Dataset excerpts
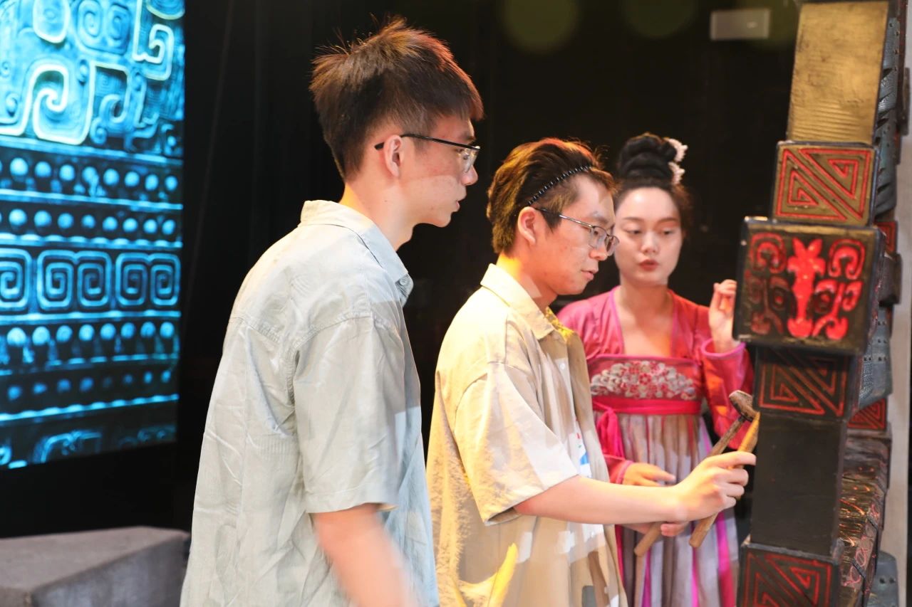 随后,实践团队聆听华夏古乐团使用复原古乐器演奏的音乐会。先秦礼乐的神秘庄重,《梅花三弄》的典雅悠长,《高山流水》的意境深远,无不展现着中华古乐的独特魅力。而古乐器演奏的流行曲目《孤勇者》,则以大胆创新的方式证明了传统音乐的生命力,赢得全场喝彩。演出结束后,团队师生与表演人员进行交流、学习,体验古乐器的魅力。
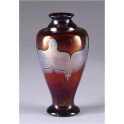 Lot 862 TIFFANY AMETHYST DECORATED VASE Unsigned Tiffany vase is amethyst glass with bronze iridescence and platinum pulled decoration. Prov.: Reportedly came from Barbara Streisand Collection. SIZE: 7” t. CONDITION: Vase has crack running across bottom of foot and up the vase approx. 2”. 5-71030
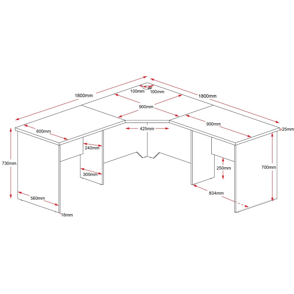 3 piece corner workstation. Matching lockable drawers, mobile pedestal and hob available as extras. E0 enviroboard. 5 Years Manufacturer's Warranty. Delivery, installation and assembly charges may apply to furniture. Please enquire to confirm.
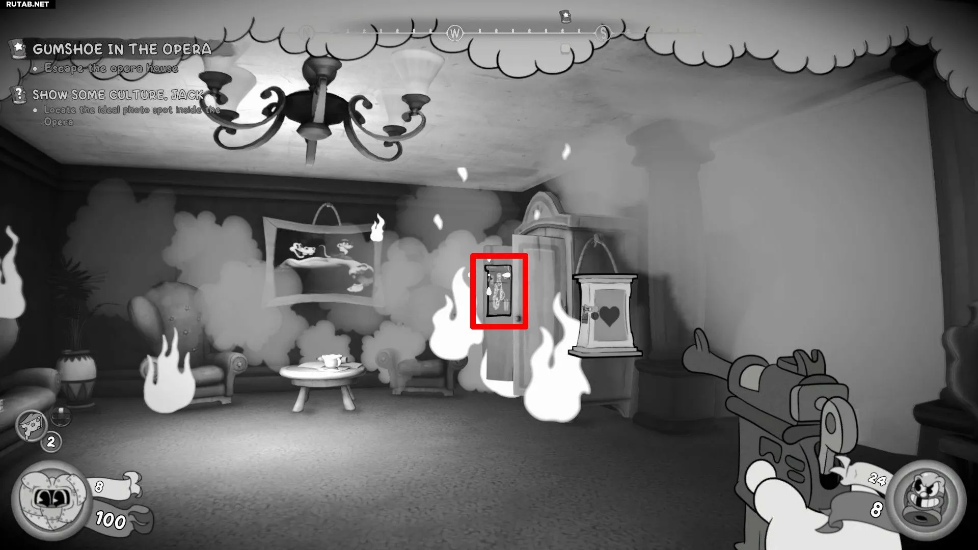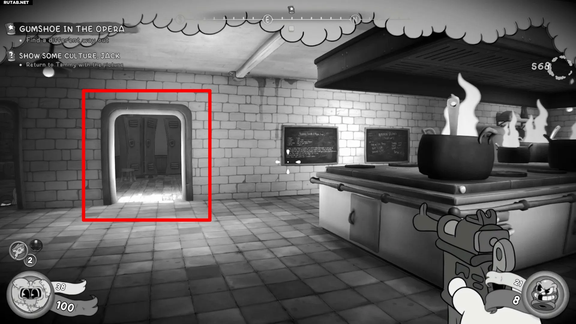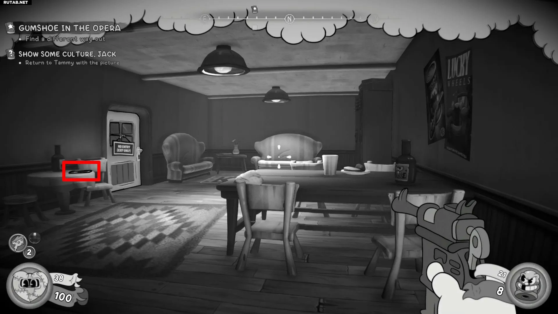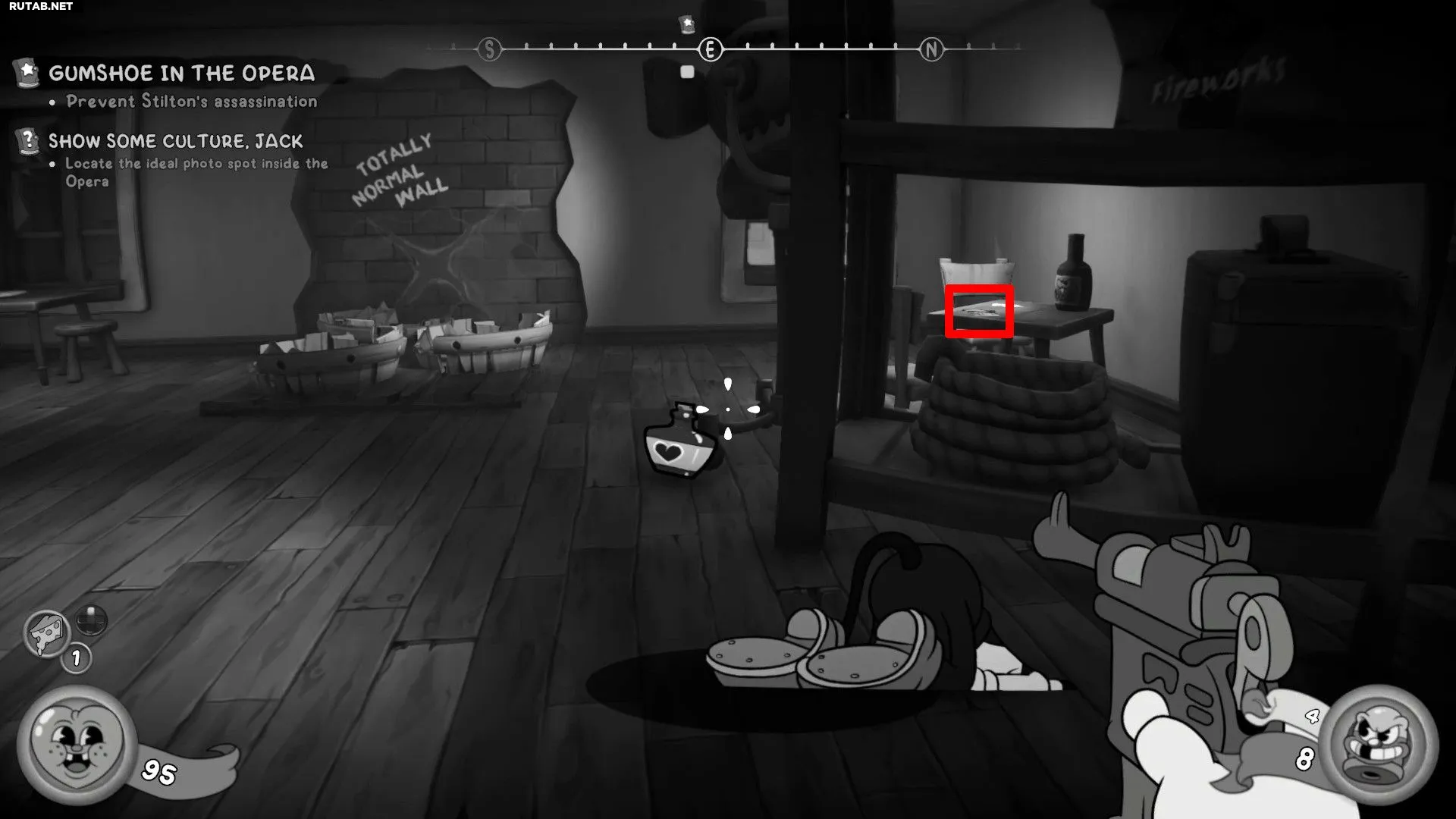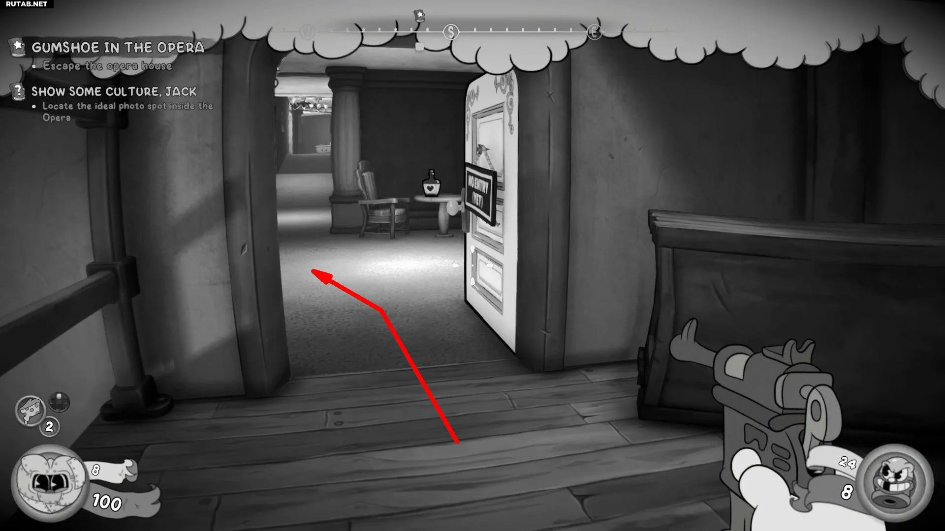 В оперной ложе сразу за обрушившимся коридором можно сделать фотографию, необходимую для задания «Покажи культуру, Джек». Поговорите с Тэмми, когда вернётесь в офис детектива, чтобы завершить побочное задание и получить 100 монет, которые можно потратить в магазине «Суп и орехи» рядом с офисом.
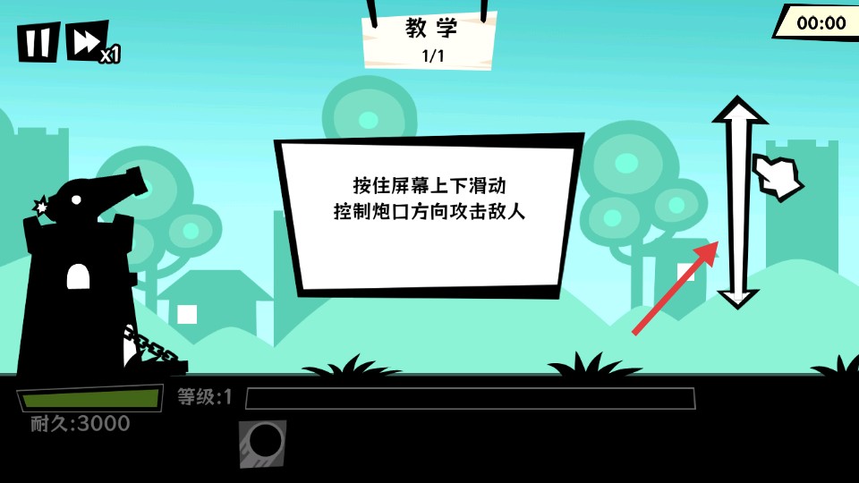 1、当你下载游戏安装后打开,你可以根据游戏的提示来操作,炮台的攻击轨迹可以自行的调节的。
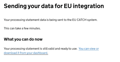 You should therefore continue to send PDF copies of your catch certificate, non-manipulation document and processing statement data to your importers as usual.
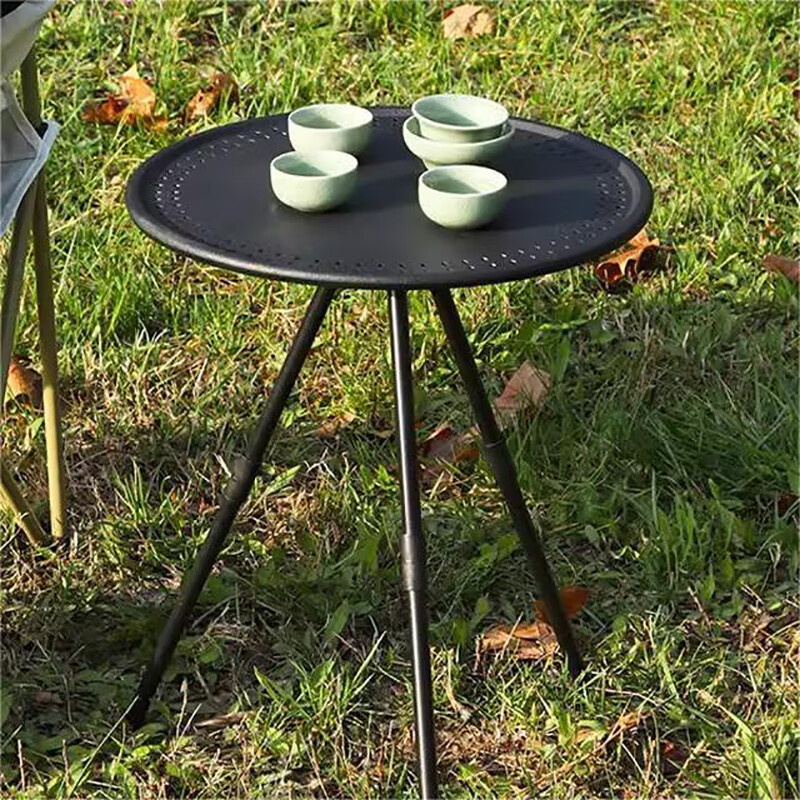 black dog户外折叠露营桌铝合金小圆桌超轻便携式野餐装备用品套装茶几 便携小圆桌_夜幕黑
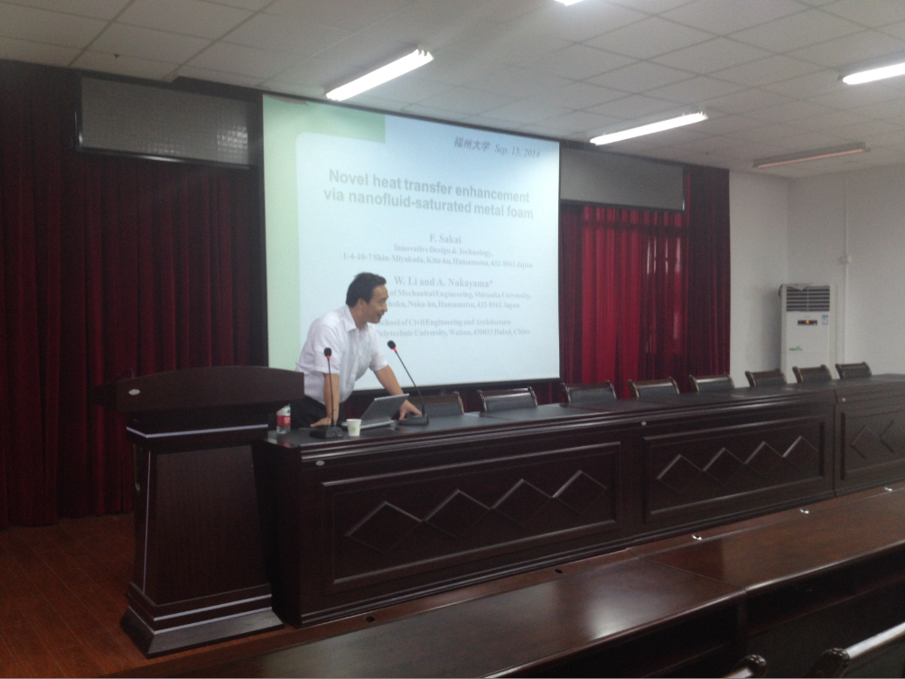 Nakayama教授开讲前以流利的英文介绍了自己的家乡,并且以诙谐幽默的谈吐为本次讲座带来了轻松的气氛。从“泡沫金属”与“纳美流体”的介绍说起,逐渐深入的引出两者融合的可能性,“强化传热”的原理解说更是令学生们茅塞顿开。由浅到深的引导式解说在最后以学生们热烈的掌声中得到了完美的结束。
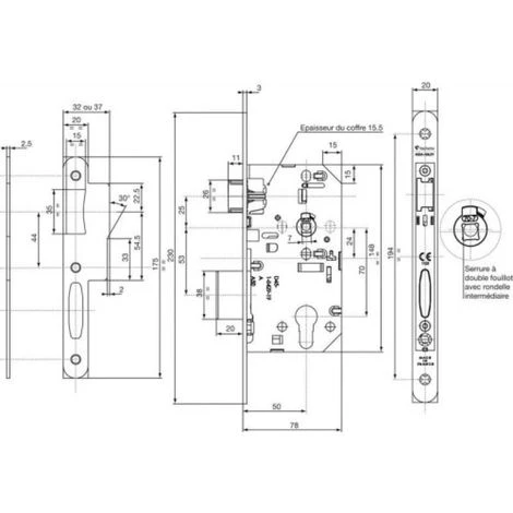 Contre pêne de sécurité (bloque le 1/2 tour une fois la porte fermée, mais n’a aucune action sur le fouillot).
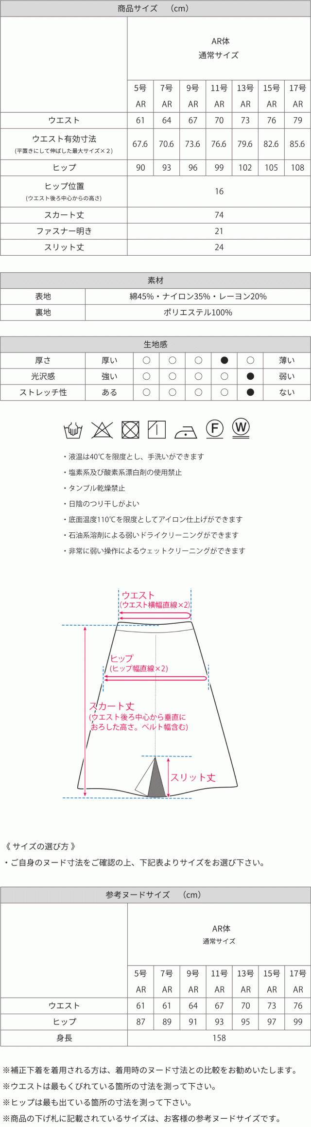 | 洗える ウエストゴム 裾スリット | |
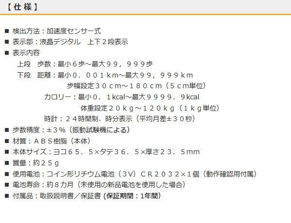 fk094igrjs前後左右に多少傾けて装着(傾斜30度以内)しても正確に歩数をカウントします断続的な動きや雑振動をカウントしないように設定しています サイズ 個装サイズ:7×15×3cm 重量 個装重量:40g 製造国 中国 便利なベルトクリップ固定式 前後左右に多少傾けて装着(傾斜30度以内)しても正確に歩数をカウントします断続的な動きや雑振動をカウントしないように設定しています ご注文後3~4営業日後の出荷となります

> Problem description
With the pictures left out, write out exactly the lines from the line containing "black dog户外折叠露营桌铝合金小圆桌超轻便携式野餐装备用品套装茶几 便携小圆桌_夜幕黑" through the last line of the entries above, both ends included, and no others.

> Result
 black dog户外折叠露营桌铝合金小圆桌超轻便携式野餐装备用品套装茶几 便携小圆桌_夜幕黑
 Nakayama教授开讲前以流利的英文介绍了自己的家乡,并且以诙谐幽默的谈吐为本次讲座带来了轻松的气氛。从“泡沫金属”与“纳美流体”的介绍说起,逐渐深入的引出两者融合的可能性,“强化传热”的原理解说更是令学生们茅塞顿开。由浅到深的引导式解说在最后以学生们热烈的掌声中得到了完美的结束。
 Contre pêne de sécurité (bloque le 1/2 tour une fois la porte fermée, mais n’a aucune action sur le fouillot).
 | 洗える ウエストゴム 裾スリット | |
 fk094igrjs前後左右に多少傾けて装着(傾斜30度以内)しても正確に歩数をカウントします断続的な動きや雑振動をカウントしないように設定しています サイズ 個装サイズ:7×15×3cm 重量 個装重量:40g 製造国 中国 便利なベルトクリップ固定式 前後左右に多少傾けて装着(傾斜30度以内)しても正確に歩数をカウントします断続的な動きや雑振動をカウントしないように設定しています ご注文後3~4営業日後の出荷となります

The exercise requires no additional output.